The reason being that striking arts are focused on, well, striking; quick jerking extensions and contractions of muscles and tendons. In general, you will be moving around a ton and be straining yourself in ways I do not think you want to, if you are as stiff as you say.

I would give my sincere recommendation to any Brazillian Jiu-Jitsu places by you. The art is designed for non-athletic people, whereas striking arts demand athleticism. It's a great work out too, as you maintain a steady pace for longer, which burns more fat than the more 'sprint' nature of striking arts. BJJ will help slowly and much more healthily improve your flexibility, and eventually to a degree higher than any of your listed choices. It's also a much more practical self-defense art (this is an area of HUGE debate, but most agree BJJ wins).

Check out these videos by the Gracie Family (Invented modern jiu-jitsu) and see if it's something you'd consider:



  • well i tried to avoid jiu-jitsu, aikido, judo, and other martial arts that have a lot of throwing technique, do you have another option ? Aug 23, 2016 at 11:18
  • @SandyBudiyanto jiujitsu isn't quite throwing, more already-on-the-ground grappling, but then perhaps tai-chi or pilates might be good before starting a striking martial art. It's just that given your current condition I worry these might be to aggressive to start with, if you are serious about getting into it, and you might accidentally injure yourself.
    – Avik Mohan
    Aug 23, 2016 at 13:43
  • oh okay, looks like i've got wrong image of jiu jitsu. i'll consider your options :) Aug 24, 2016 at 16:41

The style itself doesn't matter as much as the expectations you have, and the effort you put in. Some people who start late progress fast, others progress slow. The important thing is that you progress. The only way to progress, is by doing efforts.

I believe everyone here must have seen people come to their clubs, doing the exercises as lightly as possible, skipping entire weeks of training, then complain that there's no progress and quit. Avoid such an attitude. Do your best, train regularly, and you'll see improvements, no matter what style.

Along with that, the expectations matter too, as I mentioned earlier. If you expect to become a new Bruce Lee after one year of training, you'll be highly disappointed, which will reflect in the aforementioned effort, and you'll end up in a vicious circle. Set realistic expectations and you'll stay motivated to keep going, as you see yourself grow towards what you expect, one week at a time.
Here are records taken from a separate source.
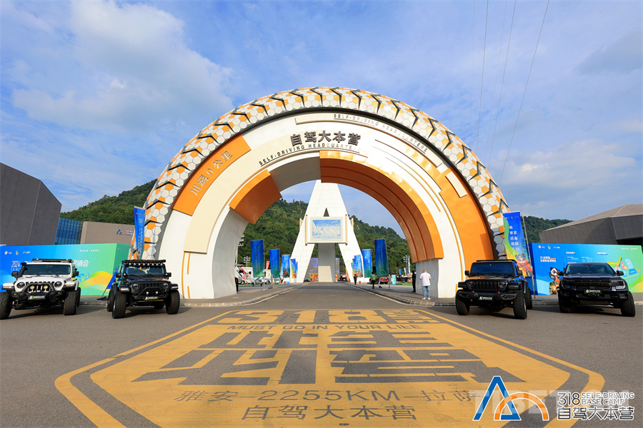 圖為中國(guó)·雅安318自駕大本營(yíng)的正門口
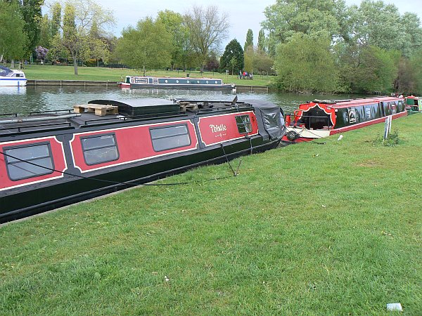 We like Abingdon, as it has a long stretch of excellent free moorings. As we came in to moor, we suddenly recognised a boat which was already moored there; it was our old boat Thistle. Mooring close to them, we were able to spend some time nattering with her current owners - who were about to head down to the Kennet and Avon canal so there was a good chance that we'd see them again very soon. Abingdon is also a delightful town, convenient for shopping, eating, drinking, and even for doing the washing!
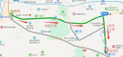 沿瓯越大道向南行驶3.0千米向右前方行驶进入匝道
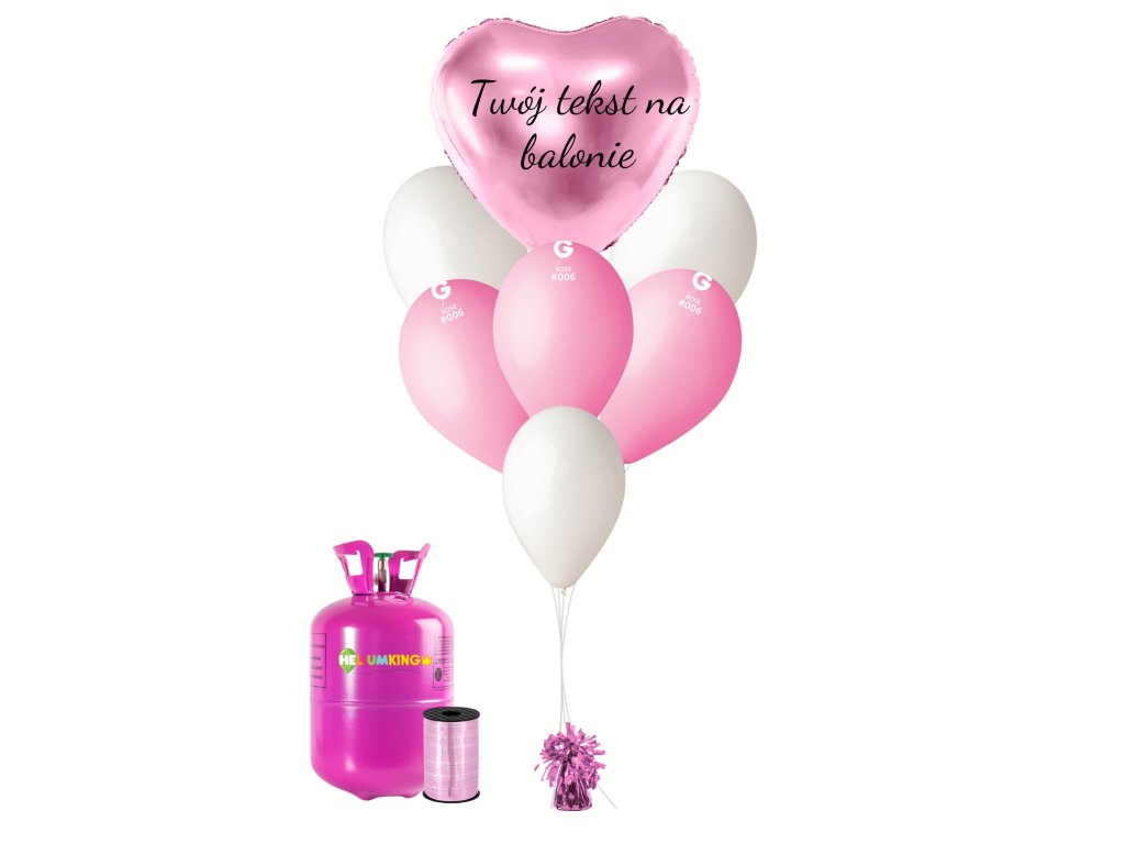 Spersonalizowany zestaw imprezowy z helem - różowe serce 16 szt.
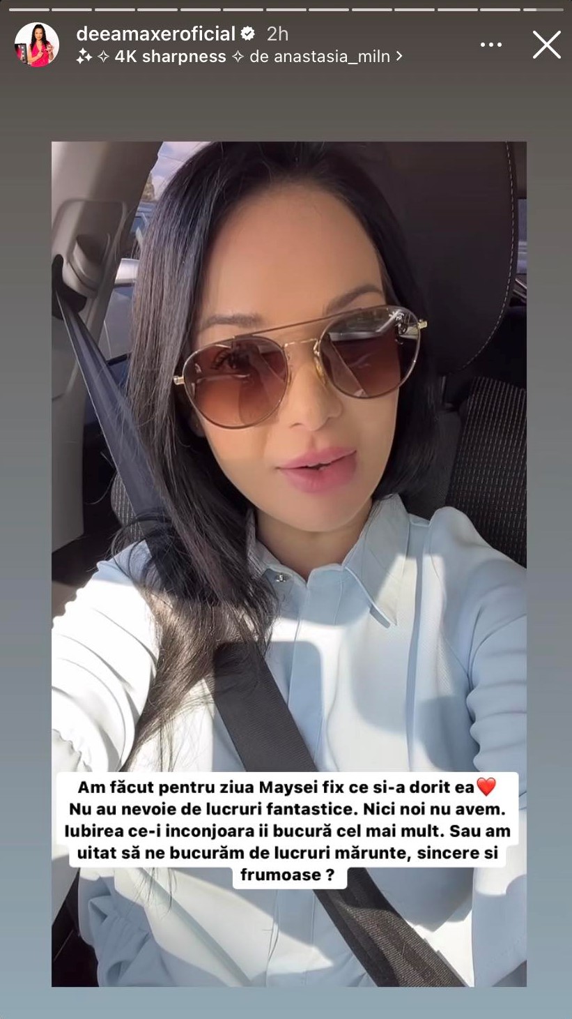 „Am făcut pentru ziua a Maysei fix ce și-a dorit ea. Nu au nevoie de lucruri fantastice. Nici noi nu avem. Iubirea ce-i înconjoară îi bucură cel mai mult. Sau am uitat să ne bucurăm de lucruri mărunte, sincere și frumoase?”, a scris Deea Maxer, într-o postare pe Instagram.

  • Although I would normally agree with this view, the questioner has specifically asked for sport.
    – mattm
    Aug 23, 2016 at 13:24
  • That's the difference between the letter and the spirit of the question.
    – Raf
    Aug 23, 2016 at 14:12

I honestly recommend Tai Chi if stiffness is a real problem. (Stiffness can lead to injury, particularly with hard styles.) Ideally, you'd want to pick a school that does a lot of stretching before practice, although that is not always common with Tai Chi, as stretching the connective tissue is inherent to the forms themselves. But the key point is that Tai Chi requires extreme relaxation to be effective, and relaxation is a great antidote to stiffness.


For flexibility, besides yoga, the ballet stretching routines are the best. Ballet dancers, both males and females, need to be capable to do splits while jumping in the air, which is much more dificult than doing them sitting on the ground.

Ballet has more than 200 years of verified techniques that guarantee a good flexibility. What's important is that you don't force your joints or ligaments while training for stretching, because this is going to generate long-term injuries which, in turn will make anyone less, not more flexible. Even on youtube, there are plenty of ballet routines for flexibility you can take a look at.